* **Activity**: Each line of the data below should be restated exactly, with images left out.
-------
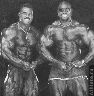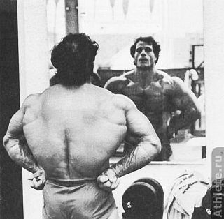 Лучший способ учиться позированию - работа с другими культуристами. Здесь Жан-Пьер Фукси Насер эль-Сонбатипроверяют мускулатуру Фукса перед зеркалом.
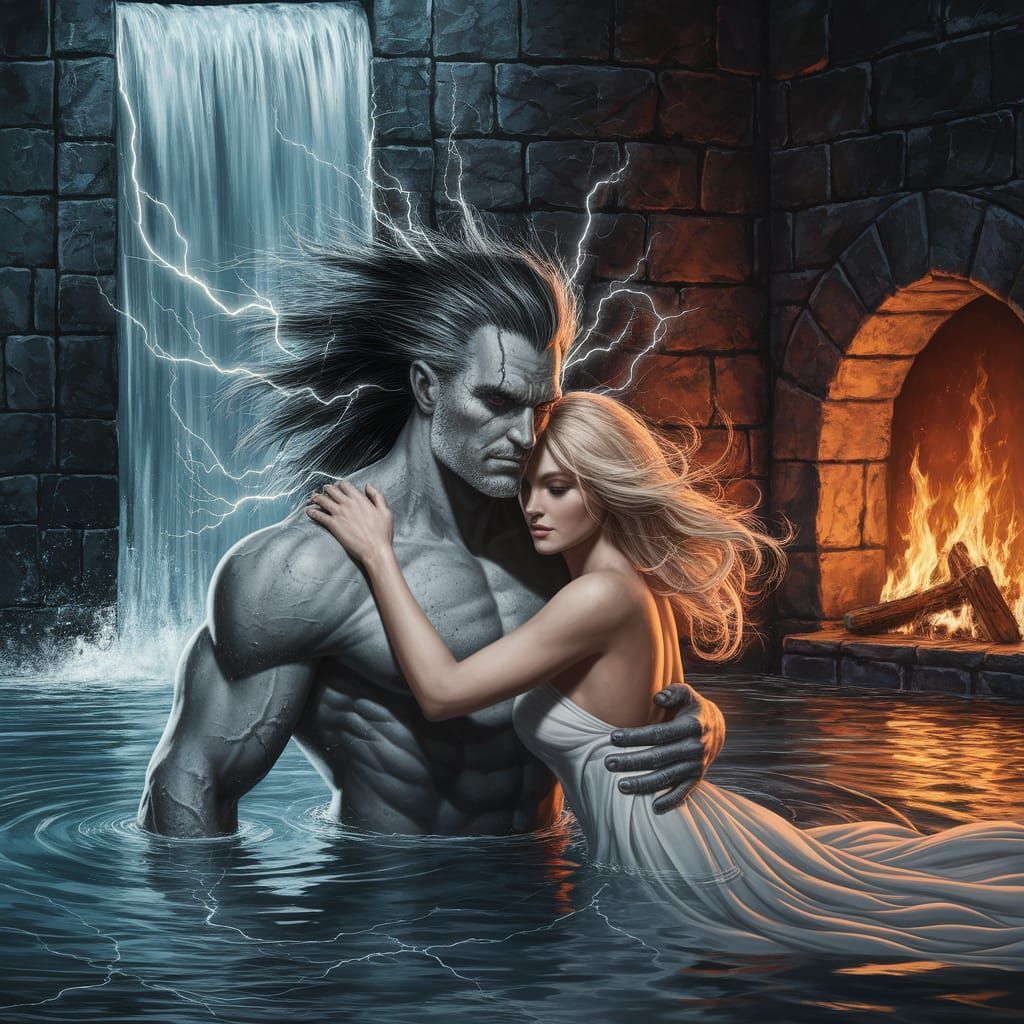 A mystical scene of a powerful knight and a beautiful woman embracing in a dimly lit medieval castle chamber, surrounded by a massive lake and a roaring waterfall. The atmosphere is warm and enchanting, with flickering flames and ancient stone walls.
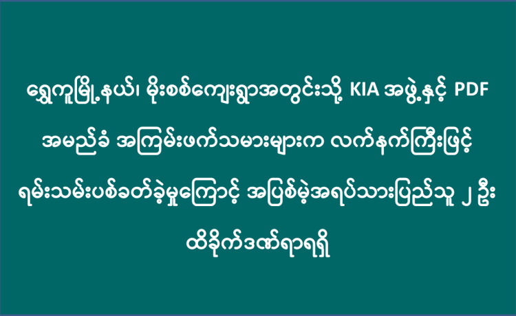 ကချင်ပြည်နယ်၊ ရွှေကူမြို့နယ်၌ မိုးစစ်ကျေးရွာအတွင်းသို့ KIA အဖွဲ့နှင့် PDF အမည်ခံ အကြမ်းဖက်သမားများက လက်နက်ကြီးဖြင့် ရမ်းသမ်းပစ်ခတ်ခဲ့မှုကြောင့် အပြစ်မဲ့အရပ်သား ပြည်သူ ၂ ဦး ထိခိုက်ဒဏ်ရာရရှိခဲ့သည်။
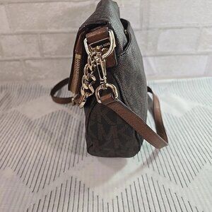 Michael Kors Signature Fold over Brown Leather Shoulder Bag Handbag w/ Tassell
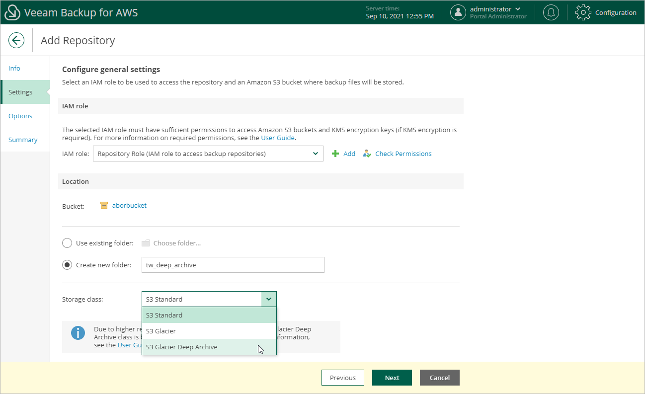 • The created backup repository will have the storage class that has been specified when creating the folder. You cannot change the storage class for the repository.
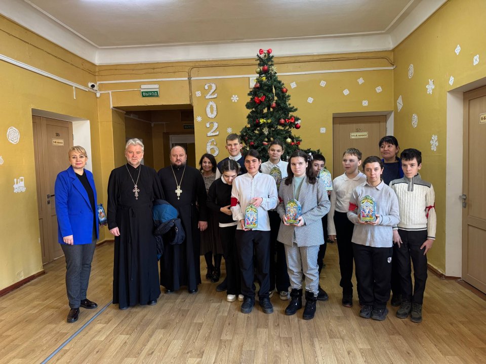 13 января клирики Херсонесского и Центрального благочиний, протоиерей Виталий Капелюшко, протоиерей Василий Бай и иерей Игорь Крылов приехали в гости к своим давним друзьям – воспитанникам севастопольской школы-интерната №1, что на ул. Попова. Батюшки поздравили детей и педагогов с Рождеством Христовым, рассказали об этом всемирном событии и его значении для человечества. А какой праздник без подарка? Детям и их старшим наставникам были вручены новогодние подарки от храмов г. Севастополя.
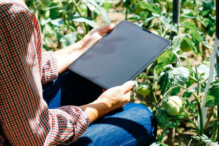 Farmer in greenhouse checking tomato plants using digital tablet. Agriculture innovative technology concept.
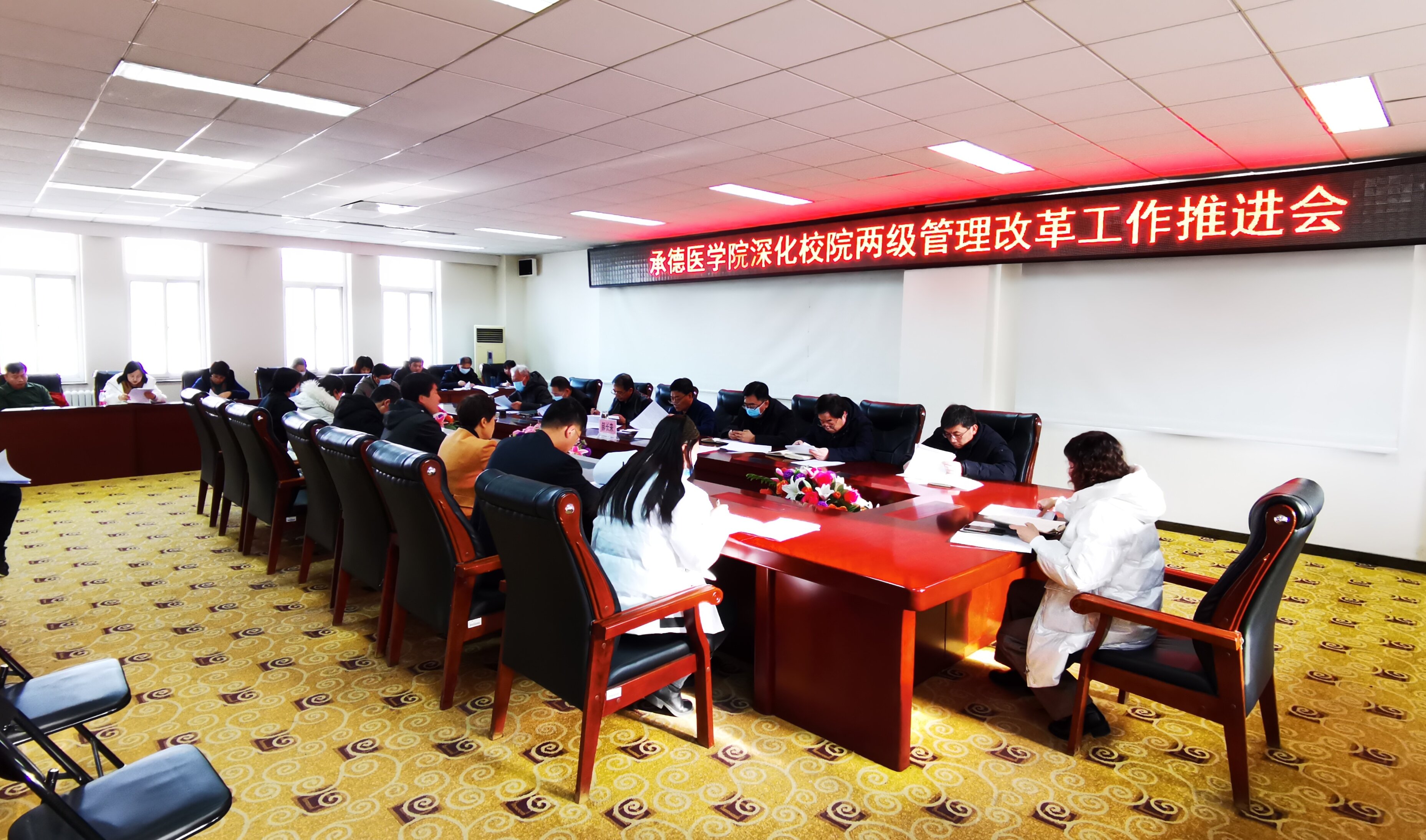 2022年1月18日下午,我校在行政樓312會議室召開醫(yī)科大學(xué)建設(shè)和校院兩級管理推進(jìn)會。黨委常委、副校長郝長來出席會議,學(xué)校各職能部門、各教學(xué)科研單位負(fù)責(zé)人參加會議,會議由郝長來主持。 發(fā)展規(guī)劃處對醫(yī)科大學(xué)建設(shè)工作方案和深化校院兩級管理體制改革方案形成過程進(jìn)行了匯報,進(jìn)一步明確了醫(yī)科大學(xué)建設(shè)期間的時間表、任務(wù)圖。各職能部門負(fù)責(zé)人和教學(xué)科研單位負(fù)責(zé)人認(rèn)真查擺現(xiàn)狀,深入剖析問題,結(jié)合學(xué)校實際情況對方案的合理性和可行性逐條進(jìn)行深入討論,就醫(yī)科大學(xué)建設(shè)年度任務(wù)分解和深化校院兩級管理體制改革提出了許多建設(shè)性意見和建議。 郝長來對醫(yī)科大學(xué)建設(shè)和校院兩級管理的推進(jìn)工作進(jìn)行了部署。他指出,醫(yī)科大學(xué)建設(shè)作為學(xué)校“十四五”發(fā)展建設(shè)目標(biāo),任務(wù)艱巨,大家一定要提高站位,結(jié)合年度重點領(lǐng)域工作,創(chuàng)新工作方式,攻堅克難,抓好組織落實;而校院兩級管理體制改革對激發(fā)二級院系行政效能、創(chuàng)造活力、推進(jìn)醫(yī)科大學(xué)建設(shè)具有重要促進(jìn)作用。希望各部門密切配合,堅定信心、履職盡責(zé)、善作善成,助推醫(yī)科大學(xué)建設(shè)發(fā)展。 (點擊每張圖片即可查看原圖)
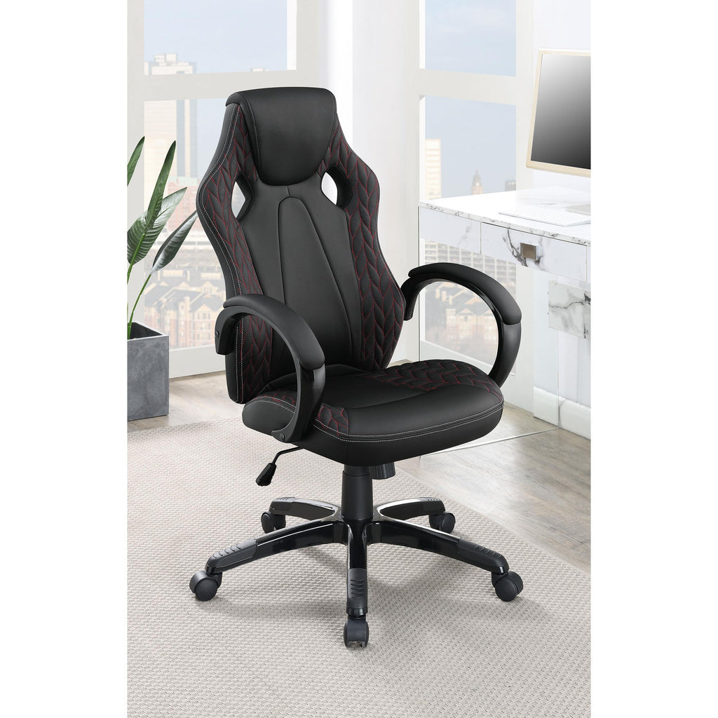 Perfect for a modern home office, this contemporary office chair is wrapped in a black leatherette that offers a bold statement piece. Accenting the black leatherette is a botanical-inspired herringbone pattern with a red stitching details, giving a subtle pop of color. Rounded padded arms provide a place to rest your elbows, while a padded headrest and seat offer long-lasting all-day support. Mounted to a rolling base with five wheels, this mobile office chair easily glides throughout the office space to retrieve items and more. In addition, this office chair can be adjusted, lifted to fit your preferable desk height.
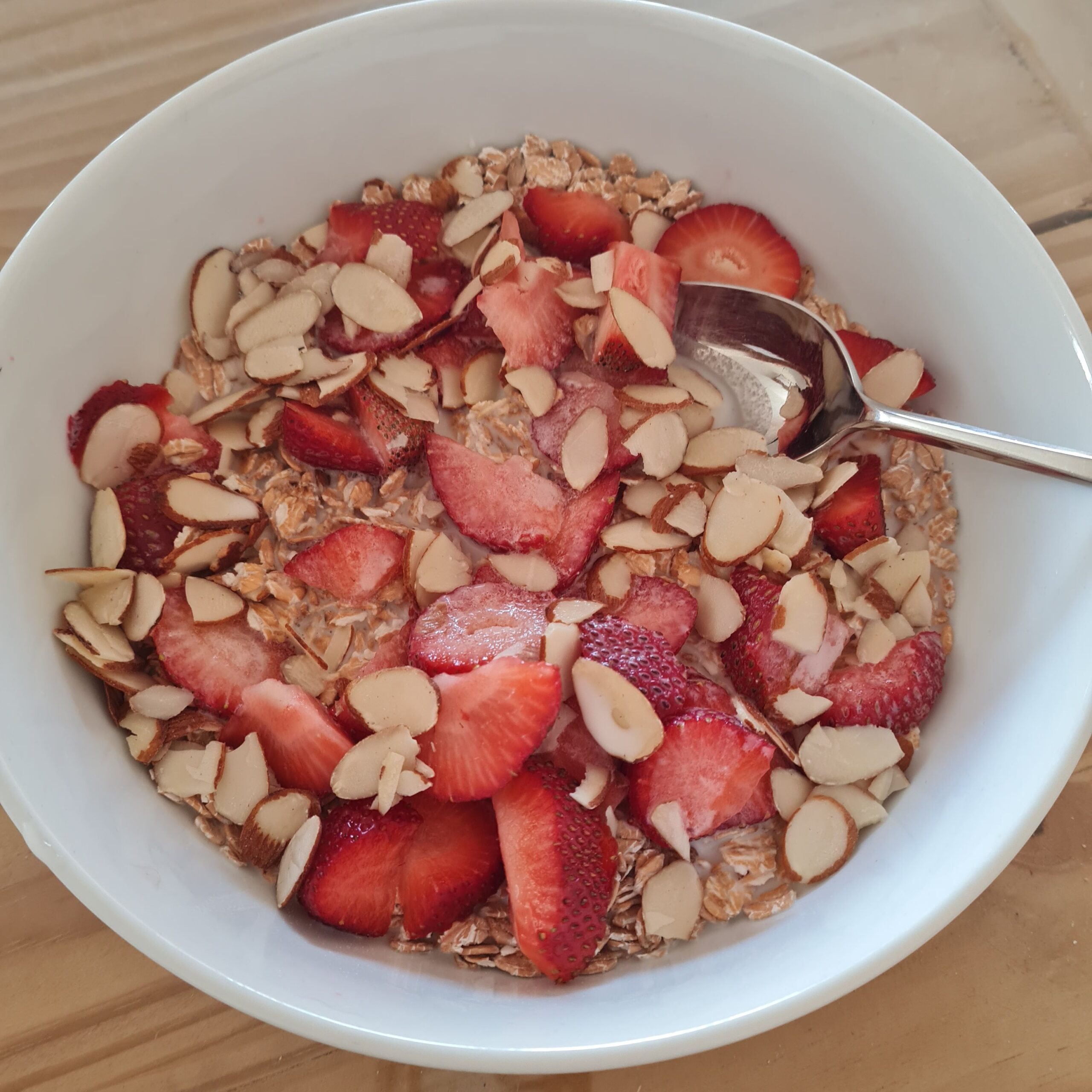 * spelt & oatmeal w/ strawberries & sliced almonds
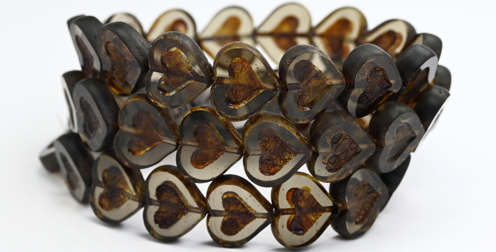 テーブルカットハートビーズ(ハート付き)、透明グレーマット(1412-40030-MAT)、ガラス、チェコ共和国
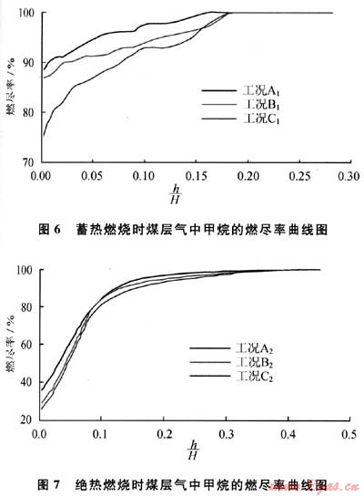 從圖3~5中還可以看出,采用蓄熱式燃燒時,煤層氣中甲烷濃度為5%、4%、3%的最高溫度分別為1270K、1100K、867K,最高溫度分別出現在h/H為0.18、0.19、0.2附近。而h/H為0.2是惰性顆粒形成床層的近似高度,由此可知,最高溫度出現的位置在床層的上部,并隨著煤層氣中甲烷濃度的降低略向上移,這是與煤層氣中甲烷的燃燒位置分不開的。從圖6中可以看出,隨著煤層氣中甲烷濃度的降低,甲烷完全燃盡的位置逐漸向上推移,由此造成在爐膛中出現最高溫度的位置逐漸上移。這是由于隨著煤層氣中甲烷濃度的降低,爐膛的溫度和石英砂顆粒的溫度降低,這樣就推遲了煤層氣中甲烷從點火到完全燃盡所用的時間,在流量一定的情況下,甲烷完全燃盡所出現的位置便向上推移,從而使最高溫度出現的位置向上推移。如圖6所示,在A1、B1、C13種工況下,h/H為0.2位置處,煤層氣中的甲烷燃盡率都接近100%,說明煤層氣中的甲烷在惰性顆粒組成的床層以內就基本完成了燃燒反應。
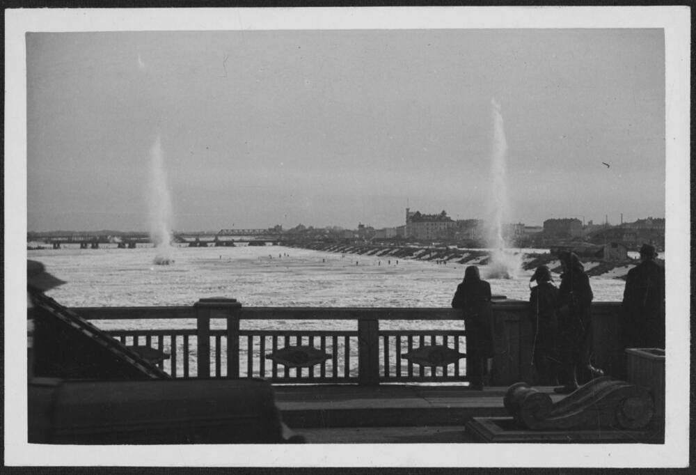 Cilvēki uz Valdemāra tilta (atklāts 1945. gada 15. martā) vēro ledus spridzināšanu Daugavā.
-------
* **Response to this task**:
 Лучший способ учиться позированию - работа с другими культуристами. Здесь Жан-Пьер Фукси Насер эль-Сонбатипроверяют мускулатуру Фукса перед зеркалом.
 A mystical scene of a powerful knight and a beautiful woman embracing in a dimly lit medieval castle chamber, surrounded by a massive lake and a roaring waterfall. The atmosphere is warm and enchanting, with flickering flames and ancient stone walls.
 ကချင်ပြည်နယ်၊ ရွှေကူမြို့နယ်၌ မိုးစစ်ကျေးရွာအတွင်းသို့ KIA အဖွဲ့နှင့် PDF အမည်ခံ အကြမ်းဖက်သမားများက လက်နက်ကြီးဖြင့် ရမ်းသမ်းပစ်ခတ်ခဲ့မှုကြောင့် အပြစ်မဲ့အရပ်သား ပြည်သူ ၂ ဦး ထိခိုက်ဒဏ်ရာရရှိခဲ့သည်။
 Michael Kors Signature Fold over Brown Leather Shoulder Bag Handbag w/ Tassell
 • The created backup repository will have the storage class that has been specified when creating the folder. You cannot change the storage class for the repository.
 13 января клирики Херсонесского и Центрального благочиний, протоиерей Виталий Капелюшко, протоиерей Василий Бай и иерей Игорь Крылов приехали в гости к своим давним друзьям – воспитанникам севастопольской школы-интерната №1, что на ул. Попова. Батюшки поздравили детей и педагогов с Рождеством Христовым, рассказали об этом всемирном событии и его значении для человечества. А какой праздник без подарка? Детям и их старшим наставникам были вручены новогодние подарки от храмов г. Севастополя.
 Farmer in greenhouse checking tomato plants using digital tablet. Agriculture innovative technology concept.
 2022年1月18日下午,我校在行政樓312會議室召開醫(yī)科大學(xué)建設(shè)和校院兩級管理推進(jìn)會。黨委常委、副校長郝長來出席會議,學(xué)校各職能部門、各教學(xué)科研單位負(fù)責(zé)人參加會議,會議由郝長來主持。 發(fā)展規(guī)劃處對醫(yī)科大學(xué)建設(shè)工作方案和深化校院兩級管理體制改革方案形成過程進(jìn)行了匯報,進(jìn)一步明確了醫(yī)科大學(xué)建設(shè)期間的時間表、任務(wù)圖。各職能部門負(fù)責(zé)人和教學(xué)科研單位負(fù)責(zé)人認(rèn)真查擺現(xiàn)狀,深入剖析問題,結(jié)合學(xué)校實際情況對方案的合理性和可行性逐條進(jìn)行深入討論,就醫(yī)科大學(xué)建設(shè)年度任務(wù)分解和深化校院兩級管理體制改革提出了許多建設(shè)性意見和建議。 郝長來對醫(yī)科大學(xué)建設(shè)和校院兩級管理的推進(jìn)工作進(jìn)行了部署。他指出,醫(yī)科大學(xué)建設(shè)作為學(xué)校“十四五”發(fā)展建設(shè)目標(biāo),任務(wù)艱巨,大家一定要提高站位,結(jié)合年度重點領(lǐng)域工作,創(chuàng)新工作方式,攻堅克難,抓好組織落實;而校院兩級管理體制改革對激發(fā)二級院系行政效能、創(chuàng)造活力、推進(jìn)醫(yī)科大學(xué)建設(shè)具有重要促進(jìn)作用。希望各部門密切配合,堅定信心、履職盡責(zé)、善作善成,助推醫(yī)科大學(xué)建設(shè)發(fā)展。 (點擊每張圖片即可查看原圖)
 Perfect for a modern home office, this contemporary office chair is wrapped in a black leatherette that offers a bold statement piece. Accenting the black leatherette is a botanical-inspired herringbone pattern with a red stitching details, giving a subtle pop of color. Rounded padded arms provide a place to rest your elbows, while a padded headrest and seat offer long-lasting all-day support. Mounted to a rolling base with five wheels, this mobile office chair easily glides throughout the office space to retrieve items and more. In addition, this office chair can be adjusted, lifted to fit your preferable desk height.
 * spelt & oatmeal w/ strawberries & sliced almonds
 テーブルカットハートビーズ(ハート付き)、透明グレーマット(1412-40030-MAT)、ガラス、チェコ共和国
 從圖3~5中還可以看出,采用蓄熱式燃燒時,煤層氣中甲烷濃度為5%、4%、3%的最高溫度分別為1270K、1100K、867K,最高溫度分別出現在h/H為0.18、0.19、0.2附近。而h/H為0.2是惰性顆粒形成床層的近似高度,由此可知,最高溫度出現的位置在床層的上部,并隨著煤層氣中甲烷濃度的降低略向上移,這是與煤層氣中甲烷的燃燒位置分不開的。從圖6中可以看出,隨著煤層氣中甲烷濃度的降低,甲烷完全燃盡的位置逐漸向上推移,由此造成在爐膛中出現最高溫度的位置逐漸上移。這是由于隨著煤層氣中甲烷濃度的降低,爐膛的溫度和石英砂顆粒的溫度降低,這樣就推遲了煤層氣中甲烷從點火到完全燃盡所用的時間,在流量一定的情況下,甲烷完全燃盡所出現的位置便向上推移,從而使最高溫度出現的位置向上推移。如圖6所示,在A1、B1、C13種工況下,h/H為0.2位置處,煤層氣中的甲烷燃盡率都接近100%,說明煤層氣中的甲烷在惰性顆粒組成的床層以內就基本完成了燃燒反應。
 Cilvēki uz Valdemāra tilta (atklāts 1945. gada 15. martā) vēro ledus spridzināšanu Daugavā.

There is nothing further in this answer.